Bruno Dumont’s P’tit Quinquin is like an austere, French Twin Peaks

Dumont isn’t satirising small-town small-mindedness so much as trying to understand how it functions – where it starts, what inflames it.

By Ryan Gilbey

P’tit Quinquin (15)
dir: Bruno Dumont

The writer-director Bruno Dumont has claimed as his own the flat landscapes, ­dismal towns and featureless beaches near Calais for close to 20 years. Watching his films, you can’t help thinking: “He’s welcome to them.” His 1997 debut, La vie de Jésus, showed disenfranchised, anvil-faced teenagers taking out their grievances on anyone who wasn’t white. Not much has changed in his peculiar murder mystery P’tit Quinquin.

Although it was made before the current migrant crisis in Calais, the film is alert to the sorts of tensions which exacerbated that situation. But by introducing absurdist notes into the drama, it marks a departure for Dumont, who generally has not been associated with turning frowns upside down. It would be wrong to call P’tit Quinquin an outright comedy, yet the surprising aspect is that his usual formula (poverty, suffering and religious symbolism plus inclement weather) needs only the smallest of tweaks to nudge it from misery to mirth.

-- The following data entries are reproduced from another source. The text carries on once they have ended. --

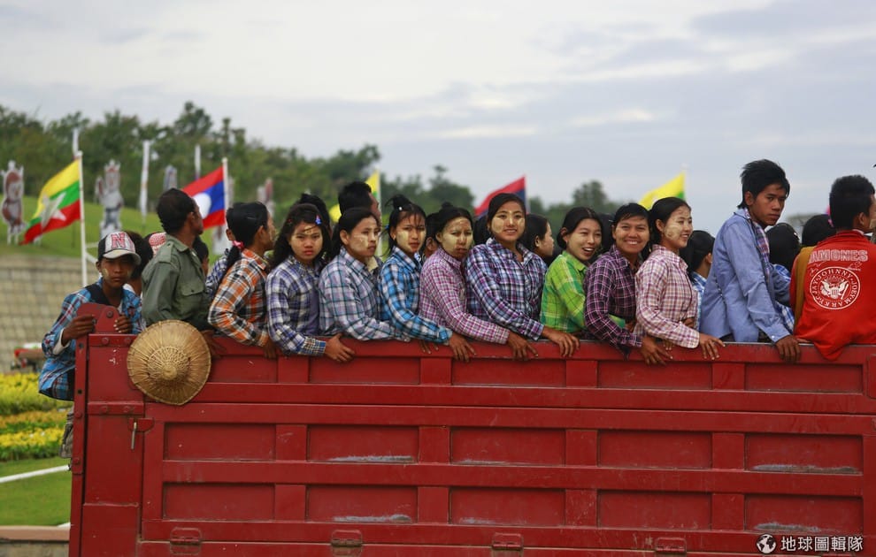 站在卡車上的工人們等著上工。緬甸即將在12月11-22日舉辦東南亞運動會(Southeast Asian (SEA) Games)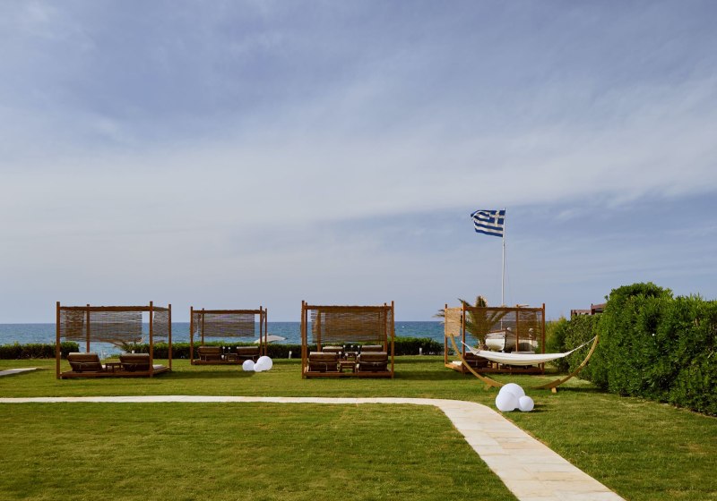 Im Maravel Star Art Hotel landet Ihr in einem überschaubaren Adults-only-Haus mit 41 Zimmern, direkt am Sand-Kiesstrand von Adelianos Kampos. Der frisch renovierte Auftritt (Teilsanierungen 2024) wirkt aufgeräumt und angenehm unprätentiös. Gartenbereiche mit Gazebos, Hängematten und Loungemöbeln schaffen ruhige Rückzugsorte, während der Pool mit Terrasse den Blick Richtung Meer öffnet.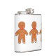 The flask itself is fine. It’s a cheap flask, obviously bought in bulk, however am prepared to overlook that. Given that it is a personalized item, I would have liked to have seen gift boxing instead of the generic packaging. Terrible printing, and/or quality. It’s a cheap, tacky vinyl. It is not cut straight and is also applied in a way that it is overhanging the bottom, causing the glue to catch on items and it will eventually roll and tear, damaging the wrap.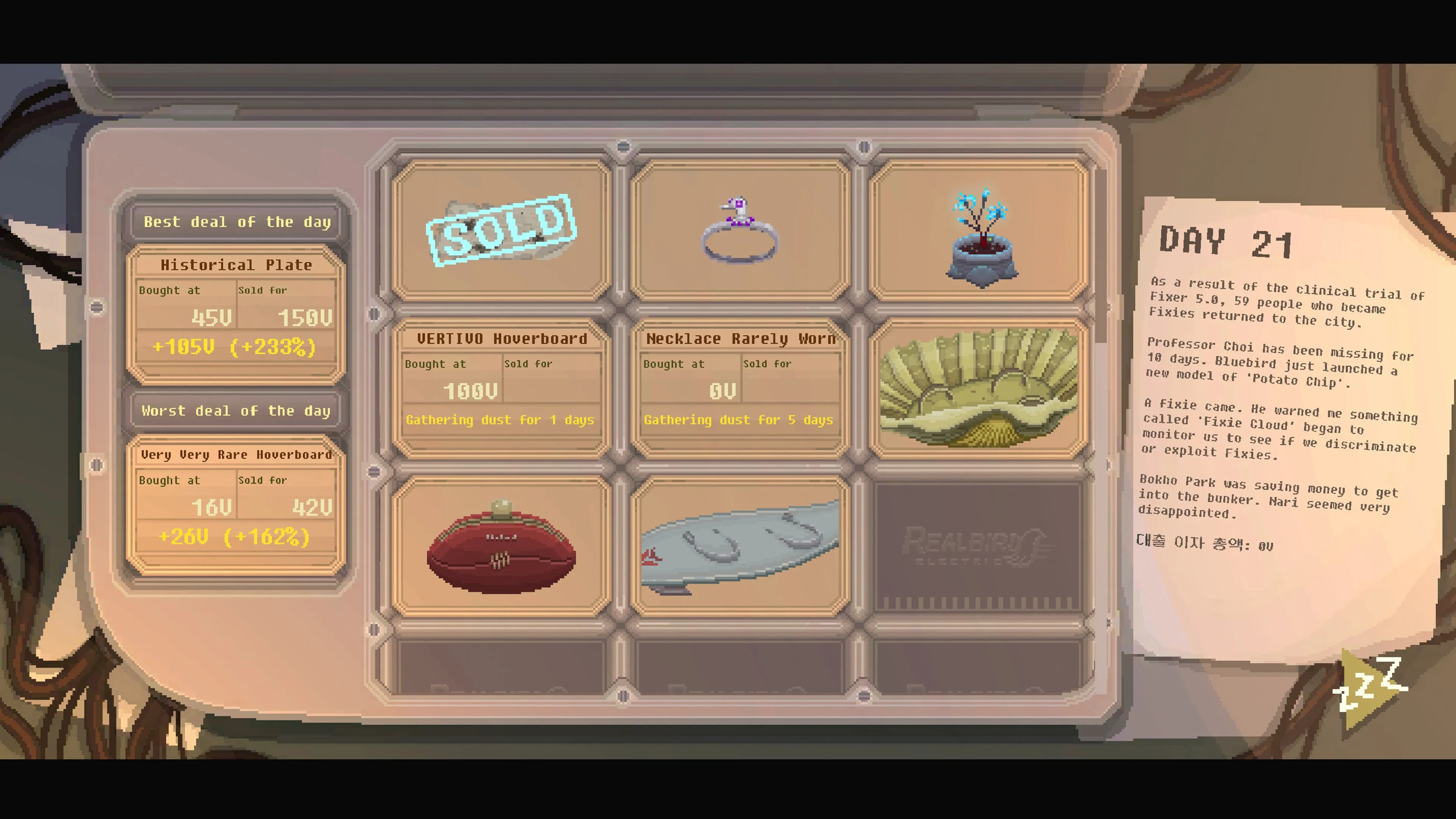 RENTABILIDAD: Exhibe los productos adquiridos en la tienda. La regla de Darcy's es comprar barato y vender caro. Pero no te dejes llevar por la codicia. En Ajik City la avaricia no está bien vista.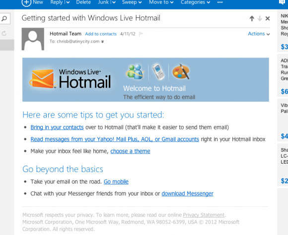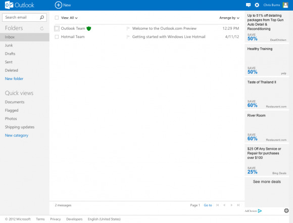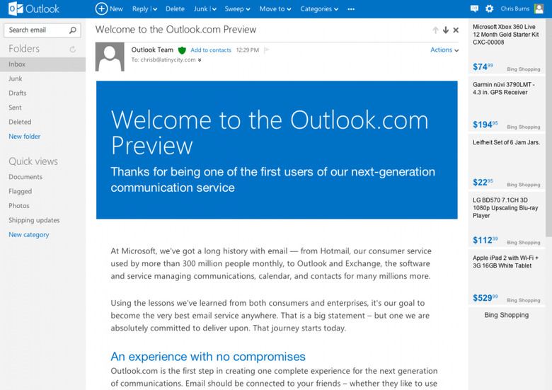 The whole layout is rather respectful to the eyes, and the only piece of baggage the whole system carries over from the old world of email is the set of Bing Shopping ads that sit on the right. We'll have to see how we can... deal with those soon. Skype for video chat will be popping up too, we're sure, so stick around for the updates as they happen.

As P’tit Quinquin begins, the cops are mulling over a dead cow. It is what you might call a low-steaks crime, or promising material for a moo-dunnit. Except that parts of a dismembered human body, minus the head, appear to have been inserted into the animal. Overseeing the case is Captain van der Weyden (Bernard Pruvost). Neither his physical appearance – he’s like Groucho Marx with wire-wool hair and a Chaplin moustache – nor his idea of police work inspires much confidence.

Van der Weyden’s SAS-style roll across the ground while under sniper fire wouldn’t pass muster in a kindergarten music-and-movement class. His investigative technique involves staring blankly, twitching uncontrollably and inserting police clichés into incongruous contexts (“A cow carcass at Chicken Pass? Let’s roll!”). In the immediate aftermath of a shooting, the captain asks a local farmer if he can have a go on his horse. Nothing to do with the case; he just always wanted to ride one as a child, you see.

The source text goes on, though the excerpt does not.